By Wang Zhaokun Source:Global Times Published: 2013-10-15 0:58:01

Chinese Premier Li Keqiang (L, front) meets with Vietnamese President Truong Tan Sang in Hanoi, Vietnam, Oct. 14, 2013. (Xinhua/Huang Jingwen)

The Chinese foreign ministry said on Monday that the decision to establish a maritime cooperation work group between China and Vietnam demonstrates the two countries' ability to solve the disputes in the South China Sea, which is the only problem left affecting the bilateral relationship.

The move shows to the world that China and Vietnam have the ability and wisdom to expand shared interests and narrow their differences, said foreign ministry spokeswoman Hua Chunying.

China hopes to work with Vietnam to promote long-term sustainable development of the China-Vietnam strategic partnership, she said.

The agreement to establish the group was made between Chinese Premier Li Keqiang and his Vietnamese counterpart, Nguyen Tan Dung, during Li's visit to Vietnam on Sunday.

Analysts said China and Vietnam actually have a good foundation in their relations, although there are also complexities in developing the bilateral relationship.

Vietnam might hold expectations on improving relations with countries including the US and Japan, Bi Shihong, a professor with the School of International Studies at Yunnan University, told the Global Times, noting that Hanoi has joined the US-led Trans-Pacific Partnership (TPP) trade negotiations that exclude China.

"But when it comes to issues related to national sovereignty and political systems, Vietnam's position would be reserved and not to make any concessions," he said.

Du Jifeng, a research fellow at the Institute of Asia-Pacific Studies of the Chinese Academy of Social Sciences, told the Global Times that China-Vietnam relations are sometimes complicated due to historical and practical factors.

In practical terms, Hanoi needs to position its relationship with Beijing in a clear and objective way with China's rapid rise in recent years, especially as their bilateral relations were sometimes rocked by disputes in the South China Sea, said Du.

"Political mistrust could impact cooperation in other areas such as the economy," Du added.

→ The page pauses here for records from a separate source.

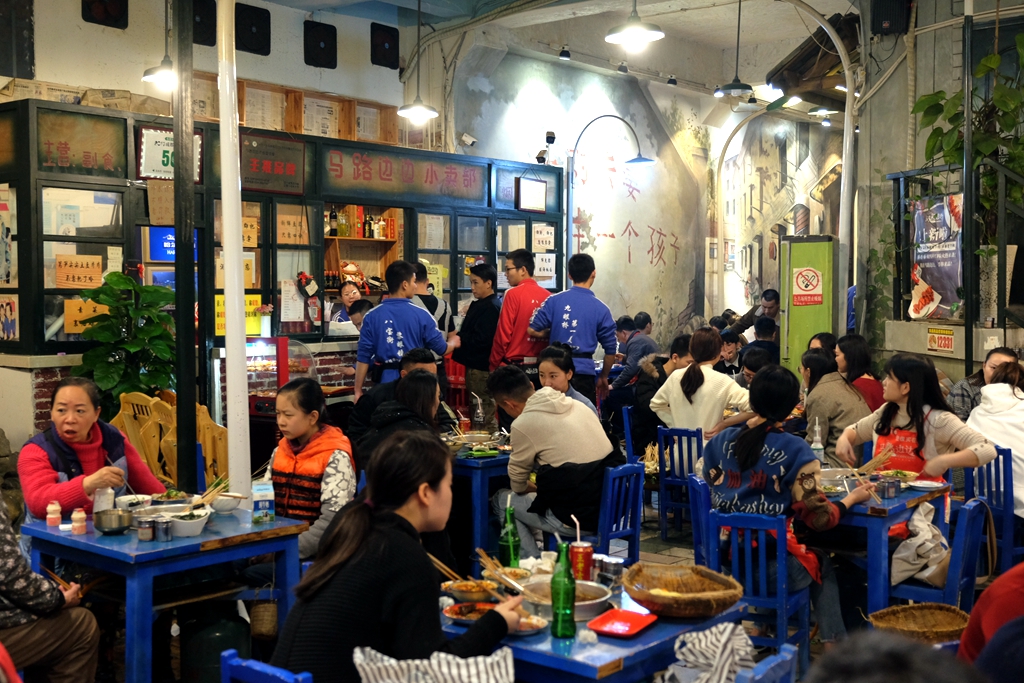 我记得很早以前就看过一部叫做《爱情麻辣烫》的电影,剧情已经忘记了,但是“麻辣烫”这三个字让我的内心深处萌生出一个念头——去吃一次最地道的麻辣烫。哪里的麻辣烫最正宗呢?答案是流传至今已有几百年的历史的四川麻辣烫。听小伙伴说马路边边麻辣烫名气不小,排队往往是这里的第一道菜。当我来到这家店的时候,果然在门口已有一群人在排队等待!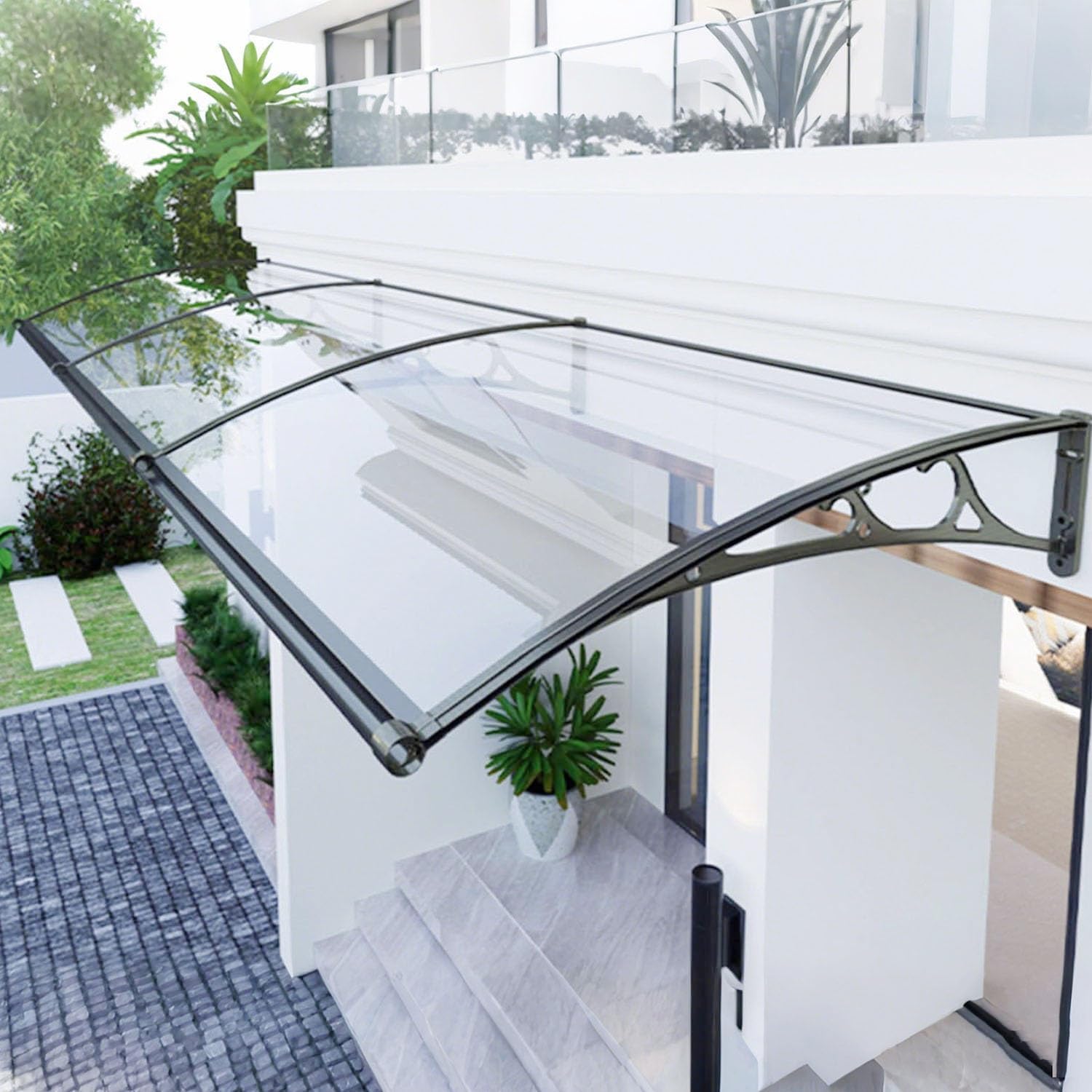 A variety of colors and sizes are available. You can choose the color of the awning bracket and panel according to your preferences. Believe us, you will not go wrong nowOther features:Light weight: Easy to install compared with glassDurability: PC The board is not easy to breakThermal insulation: low thermal conductivity, good thermal insulation performance, can effectively block heat transfer and reduce indoor temperature fluctuationsLight transmittance: light transmittance can reach 85% - 90%, can provide sufficient natural lightingCleanliness: automatic cleaning, rain flows down along the arc, washing away surface dustMain functions: blocking ultraviolet rays, rainproof, snowproof, waterproofInstallation: with installation accessories, easy installation by 2 peopleLength against the wall: more than 80cm, can be extended at willExtended arc: 60-150cmPackaging: panel, bracket, sealing strip, front aluminum strip, rear aluminum strip, screws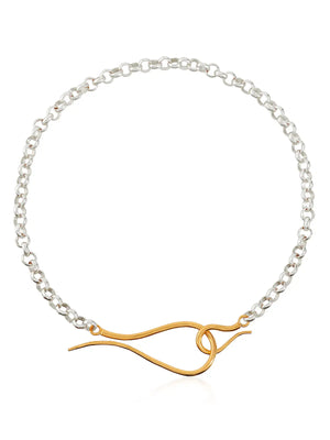The Hook necklace is classic statement necklace with a twist. Made up of our signature belcher chain with a large hook fastening at the front. The ultimate bold necklace to suit all occasions. Pair with other necklaces from our collection to create your own layered effect of wear by itself for an elegant unique look.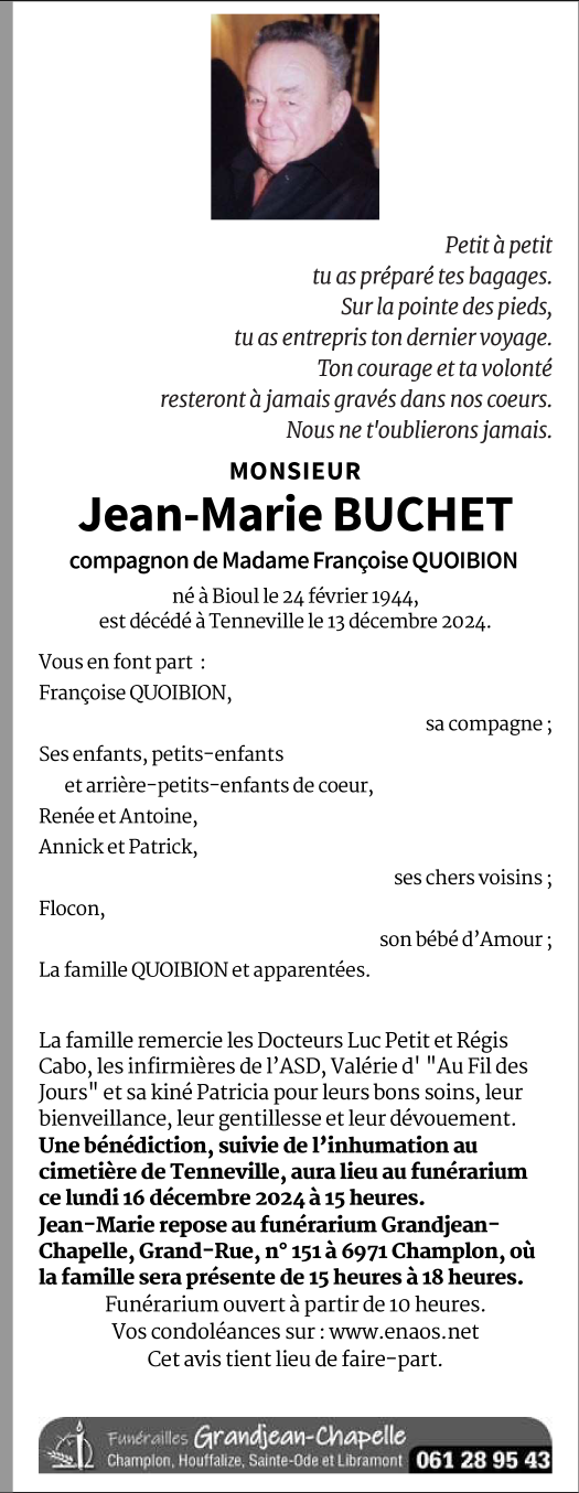 Décédé à Tenneville (6970) le vendredi 13 décembre 2024 à l'âge de 80 ans

Vietnam is a socialist nation, which makes it special among the ASEAN (Association of Southeast Asian Nations) countries, Su Hao, director of the Asia-Pacific Research Center at China Foreign Affairs University, told the Global Times Monday.

"When ASEAN was established in the first place, Vietnam was seen as its rival. And after Vietnam joined the bloc, the country saw itself as a representative of ASEAN in the new area and wanted to play a core role in the group and influence ASEAN's future development," he said.

Su said if major countries in the region could develop good relations with Vietnam, this would help them coordinate cooperation programs with ASEAN.